Update on Gene Therapy and Genome-Editing for Rare Diseases

There’s some upbeat news in gene therapy and genome-editing treatments.
· 10 min read

On Friday, June 10, 2022 an FDA advisory panel gave a unanimous recommendation for approval to a gene therapy called beti-cel from Bluebird Bio, endorsing a one-time treatment for sickle cell or beta-thalassemia, a rare blood disorder that requires frequent blood transfusions.

The group of independent experts voted 13-0 that the benefits of the gene therapy outweigh its risks for patients with beta-thalassemia, a disease that leads to severe anemia and requires patients to undergo frequent blood transfusions. The FDA is not required to follow the recommendations of its advisers, though it typically does. The agency has promised to render a final decision on beti-cel, by August 19.

The therapy beta-thalassemia uses CRISPR technology to genetically fix diseased cells caused by mutations in the gene responsible for producing oxygen-carrying hemoglobin. The goal of the therapy is to increase production of fetal hemoglobin, which normally shuts down soon after birth.

CRISPR genome editing allows scientists to quickly create cell and animal models, which researchers can use to accelerate research into diseases such as cancer and mental illness. In addition, CRISPR is now being developed as a rapid diagnostic.
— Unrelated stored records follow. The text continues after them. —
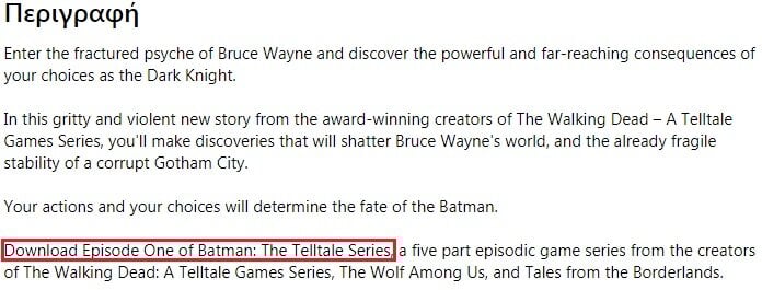 paparockas Δημοσ. 29 Σεπτεμβρίου 2019 Δημοσ. 29 Σεπτεμβρίου 2019 (επεξεργασμένο) 1 ώρα πριν, DsLmAnIaC είπε Μπορούμε να το επιβεβαιώσουμε; Οποιον ενδιαφερει Δωρεαν και το Batman: The Enemy Within - The Telltale Series Episode 1 https://www.microsoft.com/el-gr/p/batman-the-enemy-within-the-telltale-series/9nhp3fm9srtv?activetab=pivot:overviewtab (Παρεπιπτοντως τα πρωτα επεισοδια στις κονσολες ειναι τζαμπα, στο steam τα κανουν bundle και τα 5 για να τα αγορασεις ολοκληρωμενα και δεν μπορεις να το παιξεις μεμονωμενα) Επεξ/σία 29 Σεπτεμβρίου 2019 από paparockas 1 2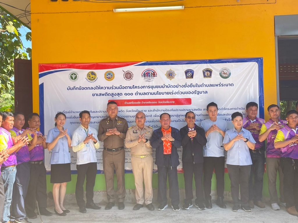 ตามโครงการชุมชน บำบัดอย่างยั่งยืนในตำบลแพร่ระบาดยาเสพติดสูงสุด 100 ตำบล ตามนโยบายเร่งด่วนของรัฐบาล ตำบลศรีดอนชัย อำเภอเชียงของ จังหวัดเชียงราย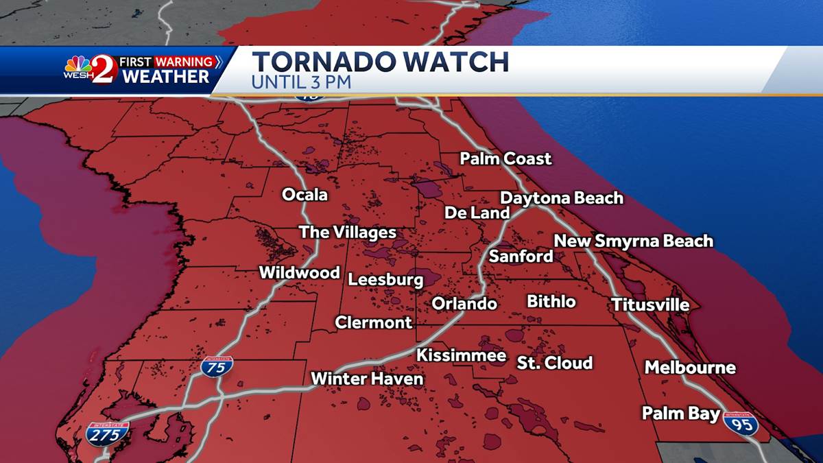 - A tornado watch is currently in effect for Marion, Lake, Orange, Osceola, Seminole, Volusia, Brevard, Polk, Sumter, and Flagler counties, according to the National Weather Service.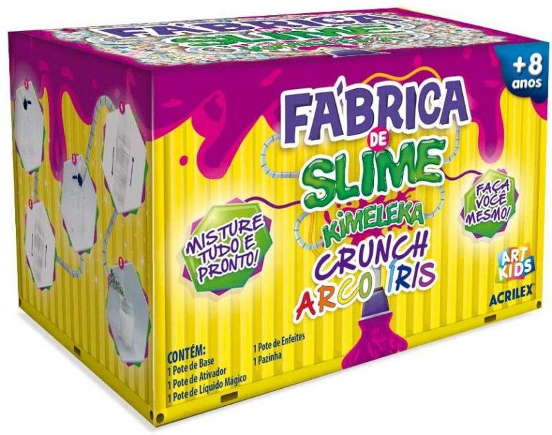Tem ainda o Kit Para Fazer Slime Da Acrilex Kimeleca Crunch Arco Iris, para o pequeno produzir uma fábrica de slime, com um pote de base (60g), um pote de ativador (45g), pote de líquido mágico (45g), um pote de isopor e uma pazinha. As crianças tambḿ podem escolher o Kit Completo Para Fazer Slime + Maleta + Neve-mega Promoção, com uma maleta e colas coloridas.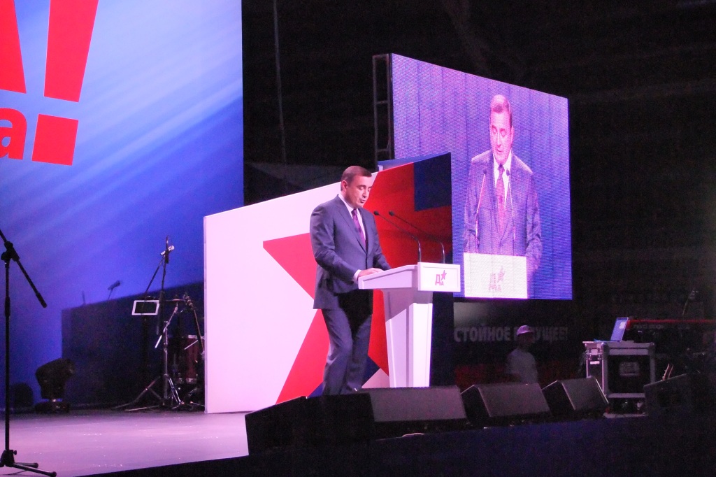 На сцене появились ведущие, которые предоставили первое слово, конечно, было предоставлено Алексею Геннадиевичу Дюмину: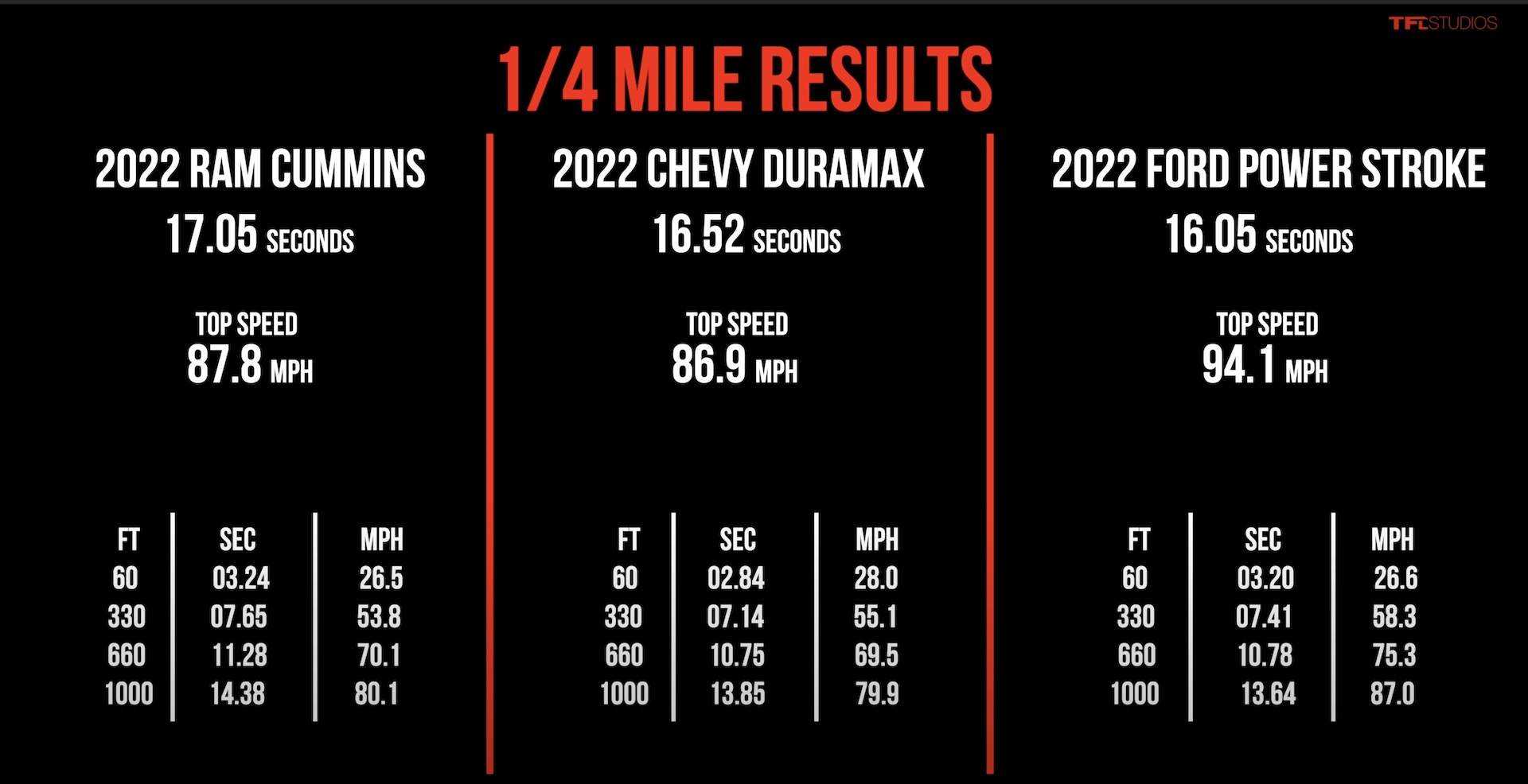 That’s exactly what Colorado-based YouTube channel The Fast Lane Truck did. The TFL team got hold of a 2022 Ford F-250 Power Stroke, a 2022 Chevrolet Silverado 2500 Duramax and a 2022 Ram 2500 HD and sent the three trucks down a quarter mile of an air strip to see which reached the end first, and which was left to, well, pick up the pieces.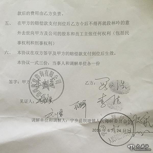 家属与学校签订的赔偿协议书。澎湃新闻记者 蒋格伟 图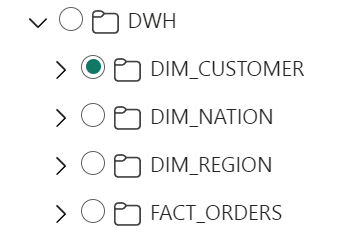 Right here, I’ve got an overview of my schemas and my tables. As I want to use my dimension tables in my LakeHouse, I’m going to select them.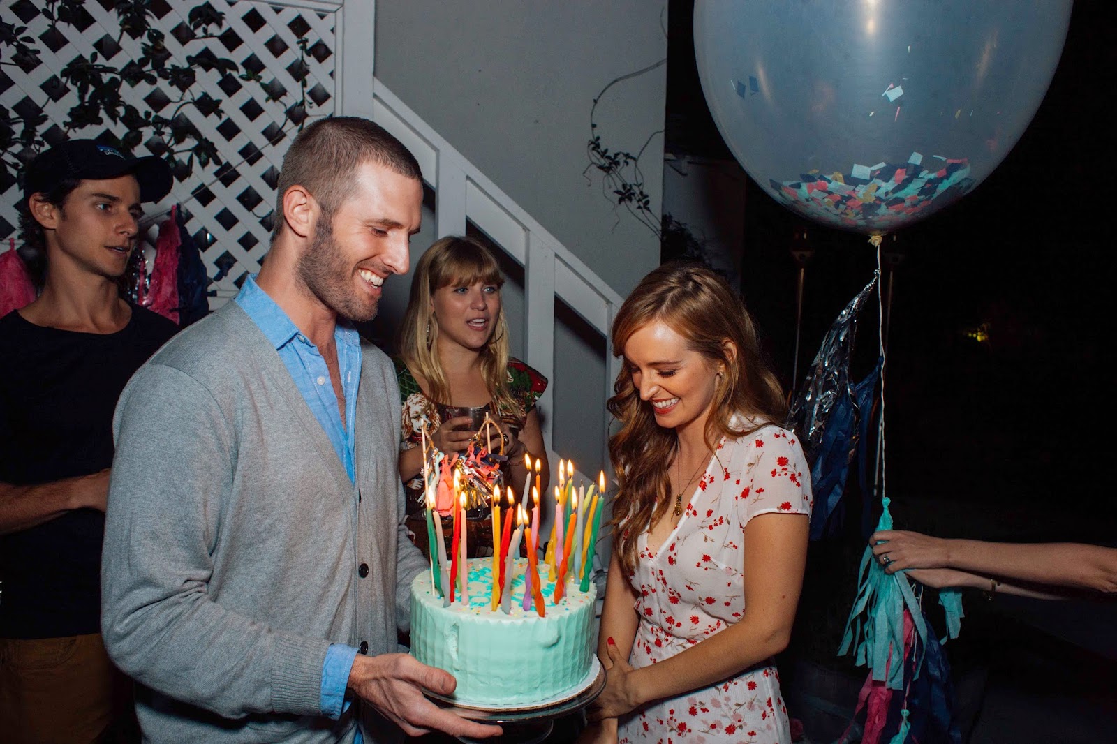 All work and no play has me wound a little too tight these days.  Hosting my dear friend Ahna O'Reilly's birthday party was a great chance to let my hair down, have a few (too many) drinks and hang with close friends.  I wanted the night to feel festive so balloons and confetti fit the bill.  When Greg asked me the plan, I informed him we were doing "balloons, pizza and ice cream."  He thought it sounded like a little kids birthday and thought a face painter sounded in theme.  While I didn't go that far, a youthful spirit was the goal.  In an effort to keep things simple, we had a brick oven pizza truck at the house so guests could select their toppings and have personal pies - super fun and who doesn't love pizza?  I made a couple of easy salads and let guests help themselves to drinks.  For dessert, Sweet Rose Creamery set up an ice cream sundae bar with amazing flavors: mint chip, carrot cake, cookies and cream & creme fraiche with elderberry, all delicious.  I paid for my evening of fun the next morning, but we all need those moments to let loose!!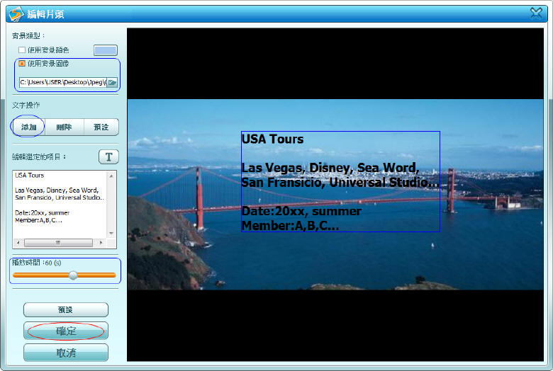 編輯"片頭":選取圖片、添加文字、播放時間。按"確定"。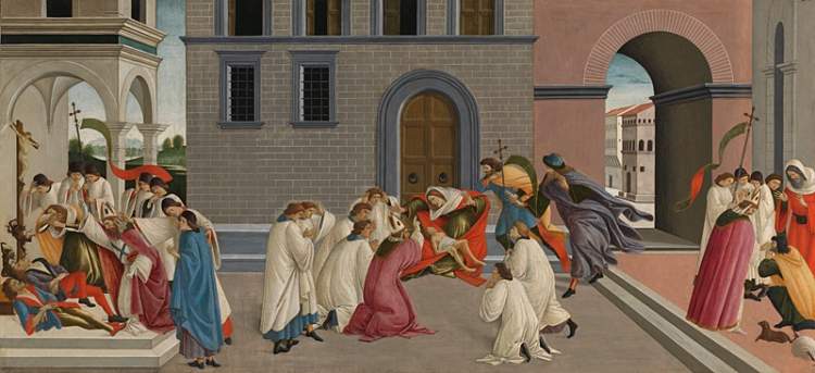 波提切利《圣泽诺比乌斯的三个奇迹》 约1500年 英国国家美术馆藏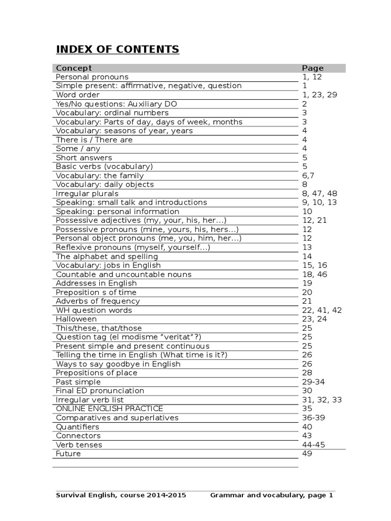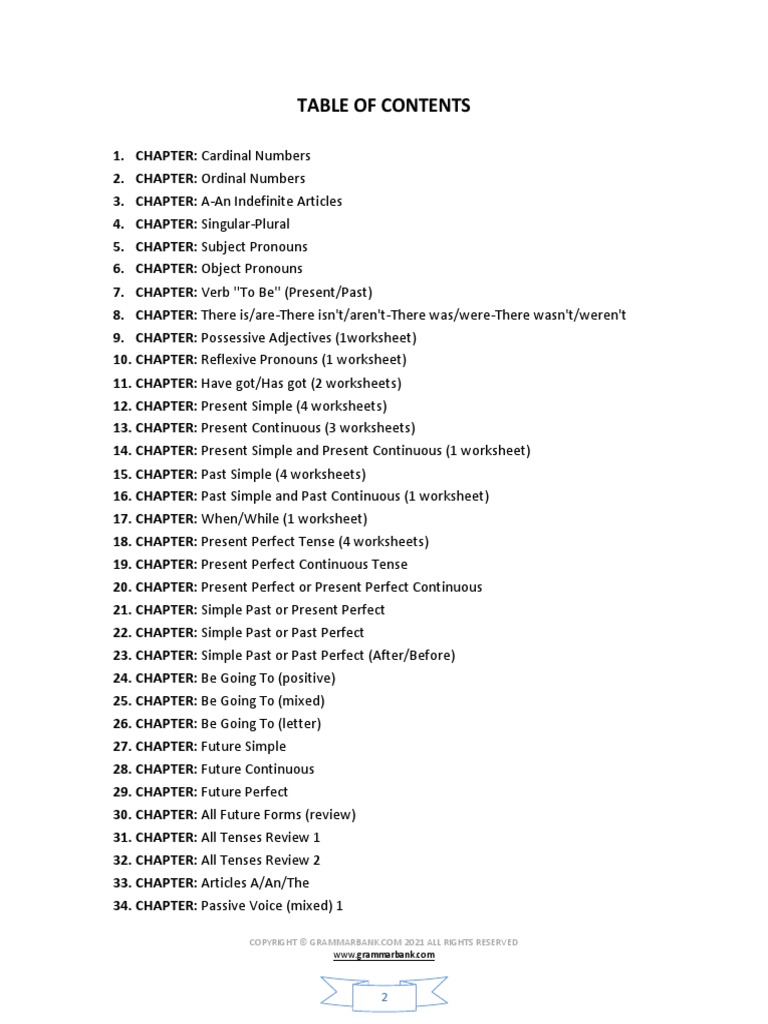 BASIC GRAMMAR CONTENTS: English ESL worksheets pdf & doc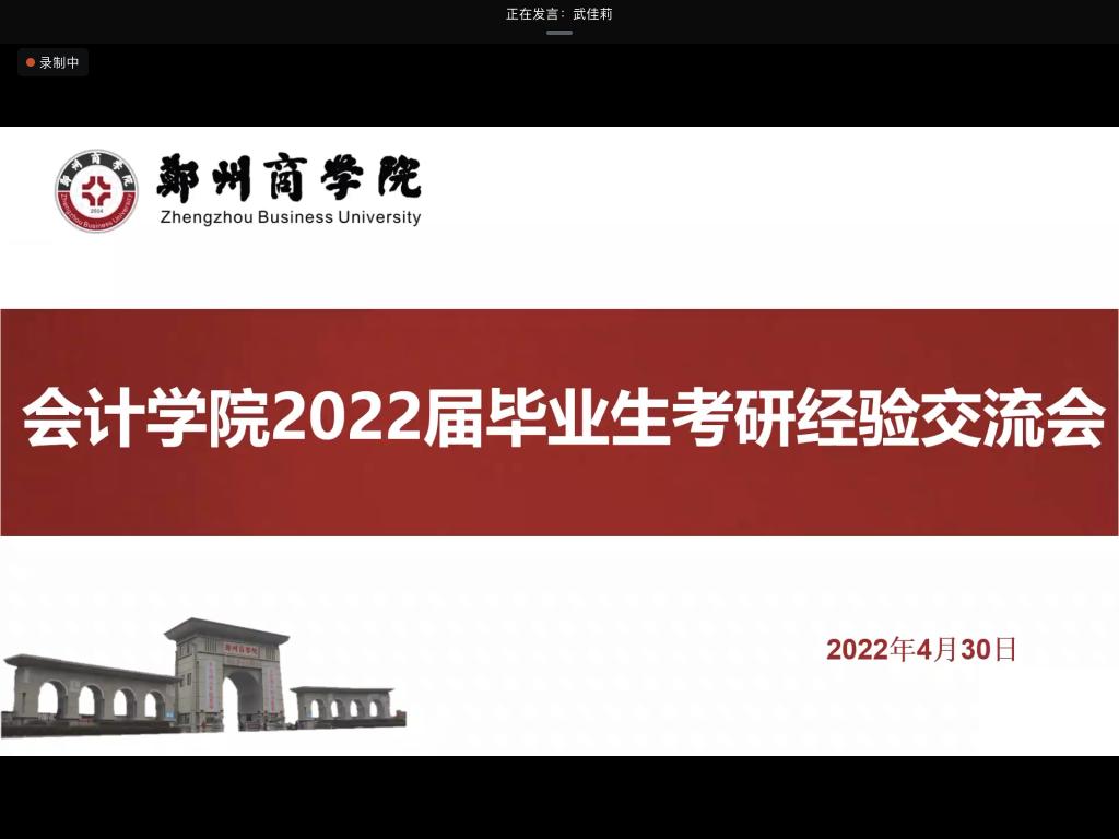 2022考研落下帷幕,为帮助2023届考研学生进行复习规划,高效备考,4月30日晚,会计学院举行2022届毕业生考研经验交流会,我院院长祝利芳、副院长刘金金、考研小组的各位教师以及2019级考研班学生参加了此次会议,会议由管理会计教研室主任武佳莉老师主持。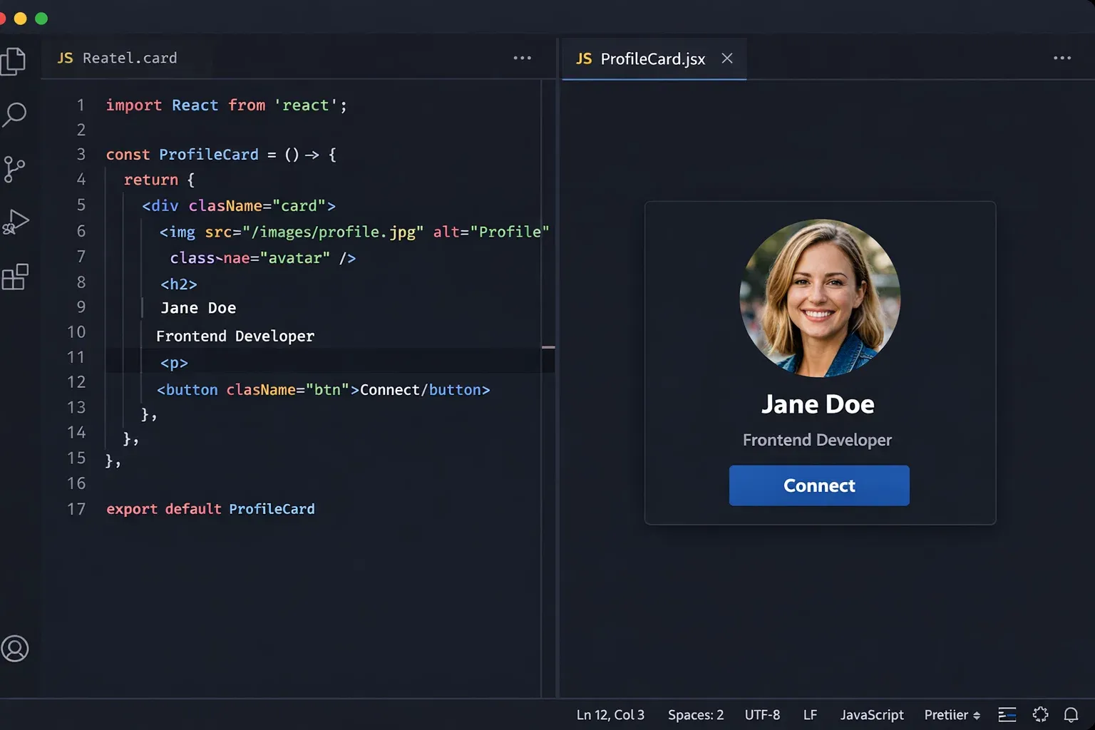 JSX stands for JavaScript XML. It is a special syntax extension for JavaScript that allows you to write HTML-like code directly inside your JavaScript files. At first glance, it looks strange — HTML inside JavaScript? But once you get used to it, JSX makes writing UI components feel very natural and readable.
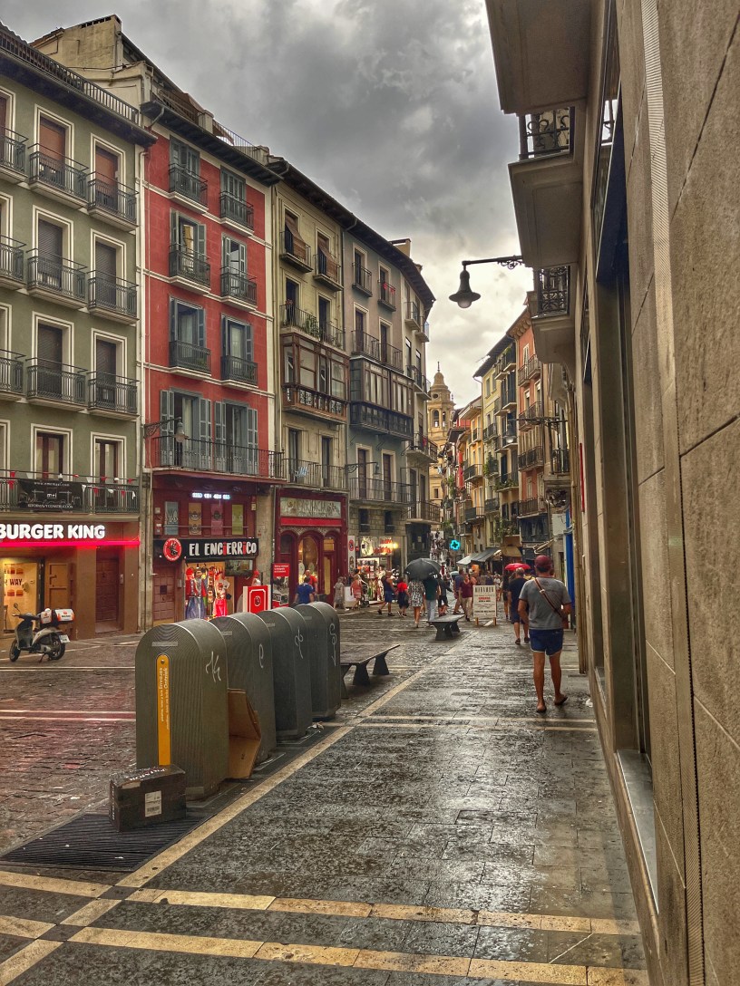 Raus aus dem Laden und hinein ins Unwetter. Ein Gewitter geht auf Pamplona nieder. Donner und Blitz! Potzblitz!

On Thursday, the same panel voted in favor of eli-cel, Bluebird’s one-time treatment for cerebral adrenoleukodystrophy, a rare neurological disorder. FDA scientists had been skeptical of eli-cel’s efficacy and alarmed by its cancer risk, but Nirali Shah, a pediatric oncologist at the National Cancer Institute, said, “I still think that the benefit to eli-cel is greater.”

Small Patient Populations

Neither drug is expected to become a top-seller, since the pool of patients who would be eligible for eli-cel is tiny -- about 10 per year. Estimates for beti-cel are larger, but still modest, numbering between 1,000 to 1,300 patients with severe beta thalassemia who could receive beti-cel.

If approved, eli-cel and beti-cel would become the third and fourth gene therapies cleared in the U.S. for inherited diseases, after Roche’s Luxturna and Novartis’ Zolgensma.